Antes que a primeira lista canônica completa fosse divulgada, o Novo
Testamento já tinha livros traduzidos para o latim, o siríaco e o copta.
Nos dois séculos seguintes, dezenas de outras línguas e culturas foram
enriquecidas com versões parciais ou totais do Novo Testamento.
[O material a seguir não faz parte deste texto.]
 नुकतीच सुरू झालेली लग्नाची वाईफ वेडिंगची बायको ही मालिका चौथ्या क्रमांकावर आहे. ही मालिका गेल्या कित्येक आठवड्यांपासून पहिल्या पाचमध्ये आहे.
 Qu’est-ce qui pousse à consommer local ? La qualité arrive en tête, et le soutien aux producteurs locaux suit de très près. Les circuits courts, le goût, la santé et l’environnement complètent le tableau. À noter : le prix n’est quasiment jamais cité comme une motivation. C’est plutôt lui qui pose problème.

No
século V uma nova versão latina, a Vulgata, surgiu para substituir a
Ítala, que já tinha três séculos de existência no mundo romano.[1]
A
Vulgata dominou o cristianismo ocidental por quase onze séculos.
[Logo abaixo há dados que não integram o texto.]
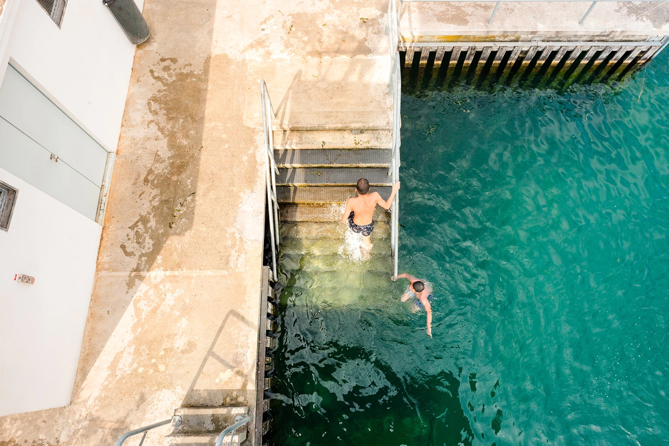 Die kreisförmige Plattform misst 40 Meter im Durchmesser und bildet eine Art schwimmende Insel auf dem See. Sie lädt zum Relaxen ein und bietet eine herrliche Aussicht, bevor man sich ins Wasser stürzt. Am selben Ort finden Sie auch einen 45 Meter langen Anlegesteg auf Pfählen, der die Badezone vom Hafenbereich trennt. Er liegt etwas ausserhalb der Stadt, ist aber mit den öffentlichen Verkehrsmitteln oder im Rahmen einer netten Fahrradtour entlang des Sees gut erreichbar.

Tristemente, durante esse tempo, passou de um instrumento de libertação a
uma ferramenta de escravidão espiritual e intelectual que o romanismo
impôs à Europa e exportou aos demais continentes com o advento das
grandes navegações e das conquistas.
Nos
cento e cinqüenta anos que precederam a Reforma protestante os focos de
anseio espiritual surgiram aqui e ali no continente europeu. Notáveis
foram John Wycliffe, que lutou para dar ao povo inglês as
Escrituras em sua língua pátria e morreu banido de suas lides acadêmicas
e teológicas em Oxford. Seus seguidores, conhecidos como lolardos, continuaram sua tarefa de divulgar e ensinar a Bíblia no idioma popular.
A
Reforma e o decorrente despertar do nacionalismo no século XVI trouxeram
uma sede pela Palavra de Deus no vernáculo, e os reformadores não
decepcionaram os que os seguiam. Versões vernaculares foram surgindo em
inglês (William Tyndale), alemão (Martin Luther), francês (Pierre Olivetan), holandês (Nicolaas van Winghe, católico), italiano (Giovani Diodati), espanhol (Cassiodoro de Reyna)
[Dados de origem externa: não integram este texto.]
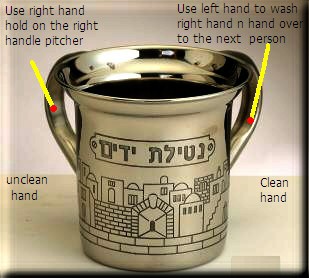 A Bowl and a two handled pitcher is traditionally used for the hand washing ceremony. The two handled pitcher derives from the concern over ritual purity during the time of the Second Temple. Since impurities were transmitted through contact, the two handled pitcher was developed as means of ritually cleaning the hands. Just as when a person is clean must not return or walk or do the ways of uncleanness or the old way or old nature that will redefile himself again.

ao longo do século XVI e nos primeiros anos do século XVII. Quando este
terminava, surgiu a primeira Bíblia completa em português, fruto dos
labores do honrado João Ferreira de Almeida.
A tarefa
continuou sem trégua. Milhares de idiomas ainda precisavam ser
agraciados com a dádiva das Escrituras. Tradutores anônimos labutavam em
vários continentes quando William Carey, o pai das missões
modernas, iniciou sua gigantesca tarefa de levar a Palavra de Deus às
etnias do subcontinente indiano. Ao morrer, havia traduzido as
Escrituras em sua totalidade ou em partes para dezenas de idiomas e
dialetos. Sua visão frutificou em um vasto número de Sociedades Bíblicas
espalhadas por três continentes que tomaram sobre si a tarefa de
traduzir e distribuir as Escrituras por todo o planeta. A tarefa
continua, não apenas porque ainda há línguas que nada possuem da Palavra
de Deus, mas porque aquelas que já a possuíam passam por constantes
modificações, léxicas, sintáticas e semânticas, exigindo que hoje seja
satisfeito o mesmo anseio presente na Praça das Águas em Jerusalém, 430
anos antes de Cristo -- ouvir e compreender claramente a santa Palavra
de Deus.
Este
breve histórico serve como introdução para uma tarefa apologética em
favor de uma versão recente das Escrituras em nossa língua. A década de
90 viu surgir, desenvolver-se e
fruir um projeto de dar ao povo de fala portuguesa uma versão da Bíblia
que combinasse fidelidade aos originais, atualidade de vocabulário e
gramática sem vulgaridade ou ideologismos, e facilidade de leitura. A
história desse projeto foi brevemente narrada pelo Rev. Odayr Olivetti,
um dos participantes do projeto, no artigo "Nova Versão Internacional da Bíblia em Português: Escorço Informativo," VOX SCRIPTURAE 3:2 (Setembro de 1993):215-226. Ao final, ele indica a expectativa de todos os participantes do projeto "de que a Nova Versão Internacional será um instrumento do Espírito de Deus para comunicar bênçãos a muitos."
Hoje,
quase sete anos depois de lançado o Novo Testamento da NVI, o Antigo
Testamento está sendo preparado (em fase de composição) para lançamento
em breve. Igrejas, escolas e indivíduos vêm usando com proveito essa
nova versão. Num mercado longe de ser saturado, a NVI se estabeleceu
como uma opção significativa para quem deseja ouvir a voz de Deus na sua
leitura pessoal das Escrituras.
Apesar
desse sucesso, a NVI não ficou sem os seus críticos. Recentemente, dois
ataques bastante sérios foram divulgados, visando o Novo Testamento
publicado pela Sociedade Bíblica Internacional. Um deles foi publicado
no Jornal de Apoio 63, pp. 6-7, num artigo de autoria do Prof. Donald L. Leaf. O segundo surgiu na Internet, e traz como divulgador o Pr. Emídio Viana.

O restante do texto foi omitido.